Pascal Smet, the regional foreign affairs minister for the Belgian capital Brussels, has resigned after igniting a political firestorm by issuing invitations to delegates from Russia and Iran to attend an urban growth summit.
Smet, a member of the Flemish socialist party Vooruit, was criticized in Belgium for inviting the ultra-conservative Tehran mayor, Alireza Zakani, as well as 14 Iranian officials to the Brussels Urban Summit. Smet also extended invitations to two Russian delegates from Kazan to the convention, which ran from June 12 to 15.
“I have decided to resign,” Smet said at a news conference on Sunday. He also claimed that it had been a “mistake” for the Brussels government to fund the all-expenses-paid trips.
“With Belgian money, we’re paying for hotel nights for the Iranian mayor and a Russian representative – this is unacceptable,” Smet said. He blamed the situation on an “employee [who] made the wrong call,” and said he had asked the organizers of the event to “bear these costs.”
Smet told the Brussels parliament last week that he had had no contact with the Iranians at the summit, and that he would have withdrawn the invitation had he been notified of objections by Belgian lawmakers. However, he was met with criticism from members of his own party as well as opposition politicians, ostensibly for failing to request an explanation from the Tehran officials for perceived abuses conducted by Iran.
Meanwhile, Belgium’s foreign affairs minister, Hadja Lahbib, is also facing calls to resign after her ministry granted visas to the Iranian and Russian visitors. The scandal came not long after Belgian NGO worker Olivier Vandecasteele was released from prison in Iran.

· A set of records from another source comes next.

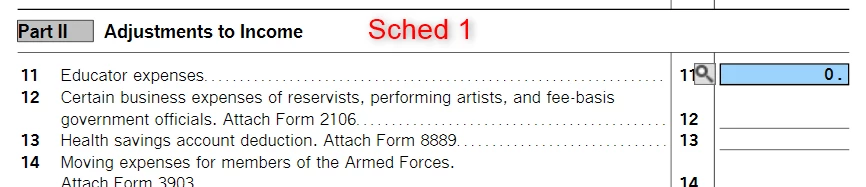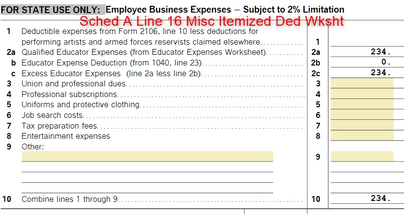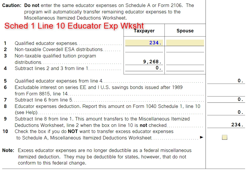 I have unreimbursed teacher expenses as a K-12 teacher assistant. Looking at the forms, I see that the $234 is entered into the educator expense worksheet. Then sched A sees it but the section shown appears to be only for state returns and subject to the 2% limitation. Since I don't itemize the sched A isn't really relevant. I just want to show that TT is still using the number. But when I look at the Schedule 1 line 11, Educator Expenses is $0.
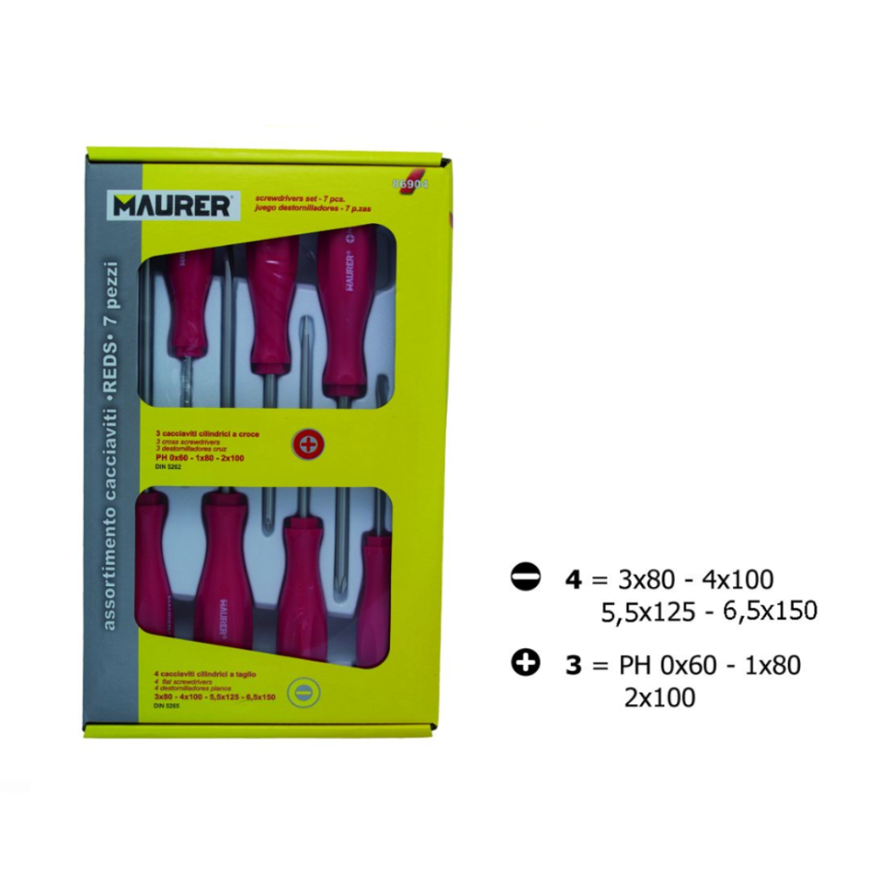 Assortimento di cacciaviti in acciaio al cromo vanadio Maurer. Il Vanadio conferisce agli acciai un’estrema durezza, anche a elevate temperature. L’acciaio al Cromo Vanadio dunque è estremamente resistente. Utilizzare dei cacciaviti in questo materiale significa avere un’usura minore dei cacciaviti stessi e una maggiore durata. Dotati di impugnatura rossa di forma cilindrica per favorire la presa. 7 pezzi: 4 a taglio e 3 a croce (PH0x60mm-PH1x80mm-PH2x100mm-TG3x80mm-TG4x100mm-TG5x125mm-TG6x150mm). Confezionati in scatola appendibile. Maurer ti propone un’offerta completa di prodotti per ogni tipo di lavorazione e riparazione: dall’utensile manuale agli strumenti di misura, dal materiale elettrico e idraulico a quello per la pittura, fino ad arrivare al fissaggio e ai sigillanti. Sono oltre 6.000 i prodotti Maurer tra cui scegliere per trovare sempre quello che stai cercando.
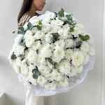 Букет из хризантем с эвкалиптом, который говорит больше, чем слова. Лёгкий, нежный и душевный — идеальный способ поделиться чувствами.
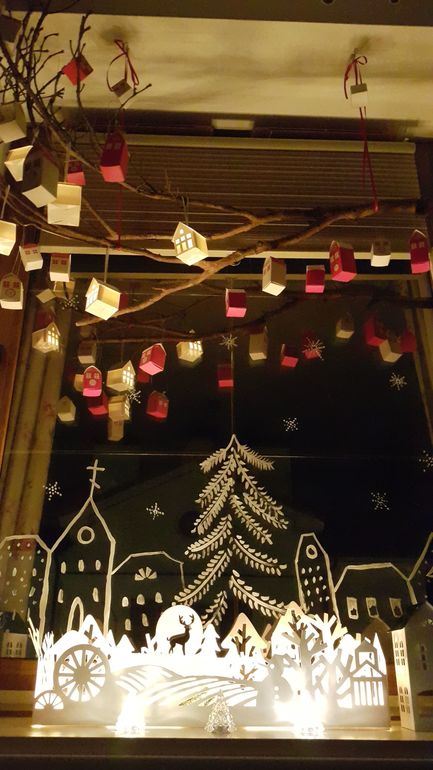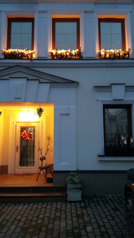 У меня соседка нашу лестничную площадку украсила. Было утро, когда фотографировала, поэтому немного темно
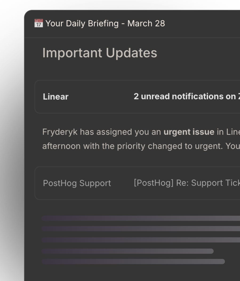 Start your day with emails organized, drafts ready in your voice, and daily brief for maximum efficiency.
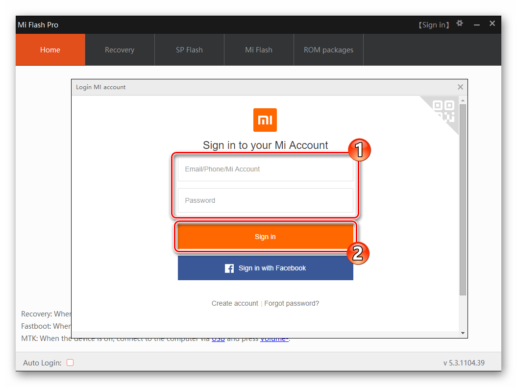 Запустите МиФлеш ПРО на ПК, введите в программу данные привязанного к смартфону Mi-аккаунта.
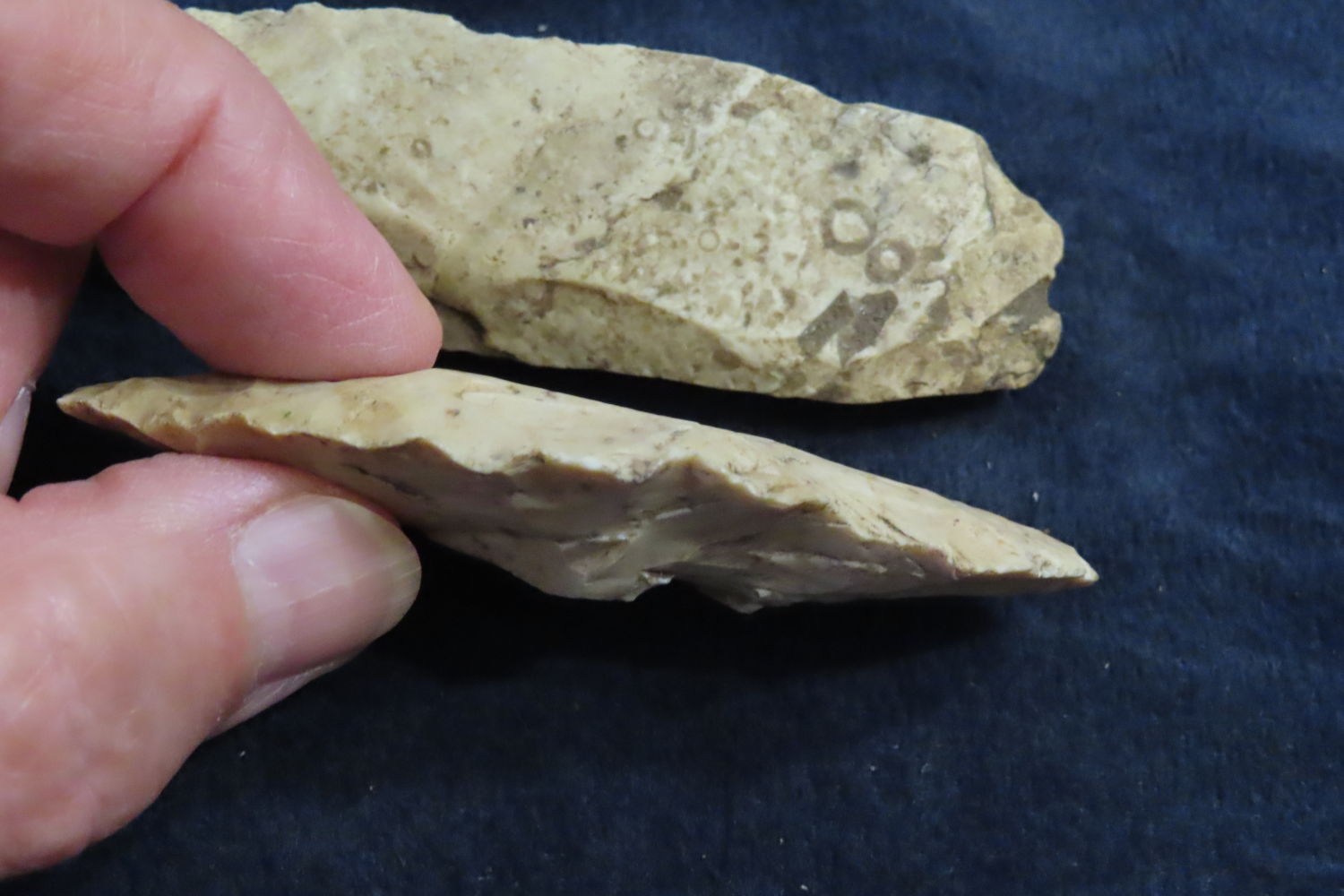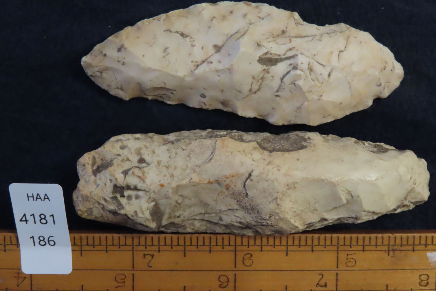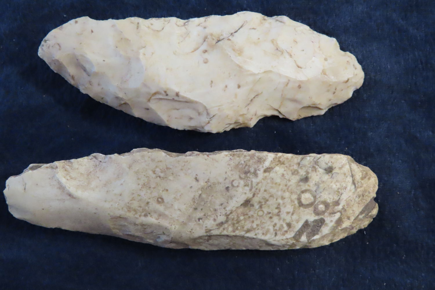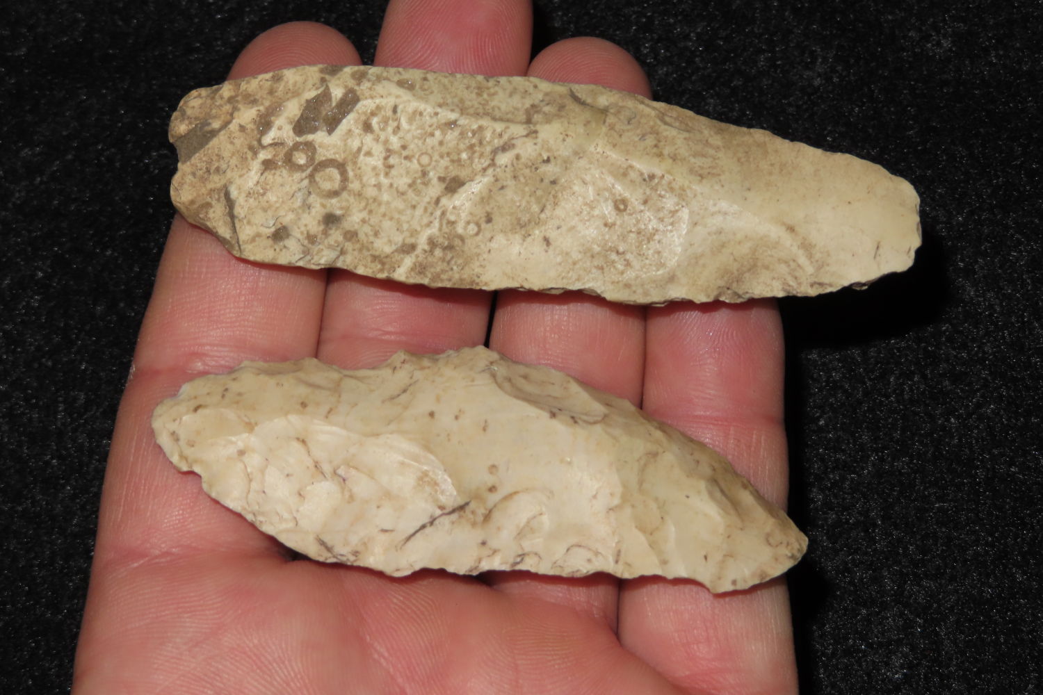 Lot of 2 Blades/Scrapers, Longest measures 3 1/2″, found by Ronald and Eileen Hubbard at the Kinderhook, IL hog lot.
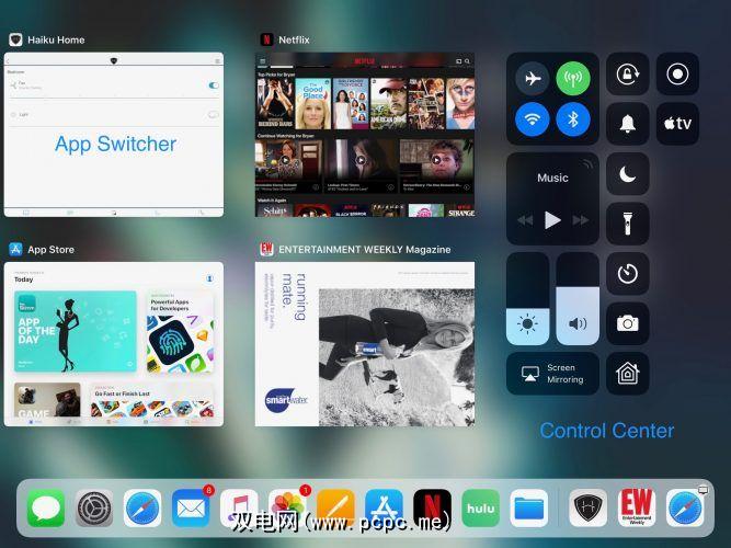 您可以通过双击“主页"按钮或通过以下方式调出应用程序切换器在主屏幕上从底部到顶部轻弹手指。
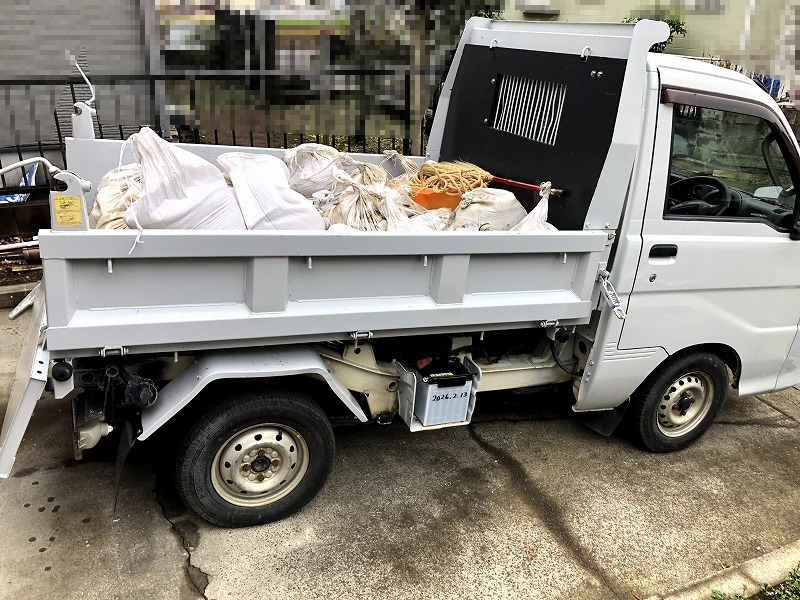 まずはスコップで軽ダンプの荷台にひたすら手積みしていきました。
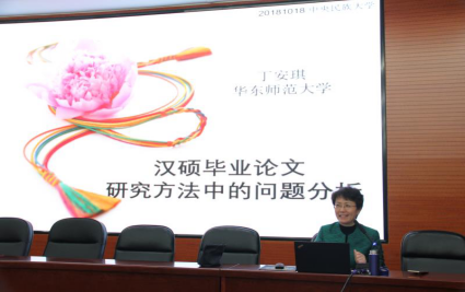 讲座主题为汉硕毕业论文中的问题分析。讲座过程中,丁安琪教授就汉硕毕业论文研究方法中的问题进行深入分析,内容主要包括汉硕论文中研究方法的三个层级、常见的研究方法类问题以及常出现的几个问题方法,并通过案例分析与在座的师生进行交流和探讨。在本次讲座中,丁安琪教授指出了大量研究博硕士论文研究方法认识的误区,与在座的师生针对汉硕培养方向、汉硕论文研究方法等学术问题做了很多深入的探讨和交流。最后她鼓励大家在进行研究的过程中要研究方法和研究意识相结合。讲座学术讨论气氛热烈,同学们也在会后积极地与丁安琪教授展开了进一步的学术探讨。
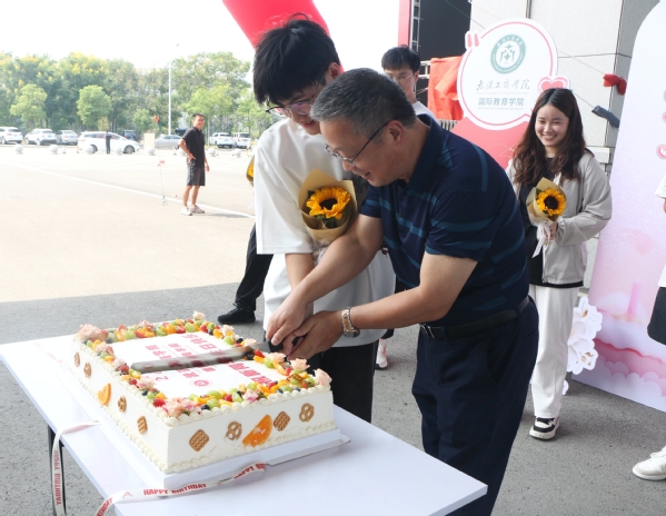 新闻中心讯(记者 周逸文)“寿星们,快来一起吃蛋糕!”9月6日上午,在武汉工商学院国际教育学院新生报到现场,9名9月份出生的新生代表在老师和同学们的热情欢呼中,度过了一场难忘的集体生日会。此外,该学院还给700多名新生每人准备了一罐印有新生姓名和报到日期的专属可乐。

Vandecasteele had been accused in February of last year of spying and was sentenced in January to 40 years in prison and 74 lashes. He was released in a prisoner exchange arrangement which also saw Iranian national Asadollah Assadi return to Iran. Assadi was sentenced to 20 years in prison in 2021 in connection with a failed bomb plot in France.
Both countries claimed that the charges against their citizens were spurious.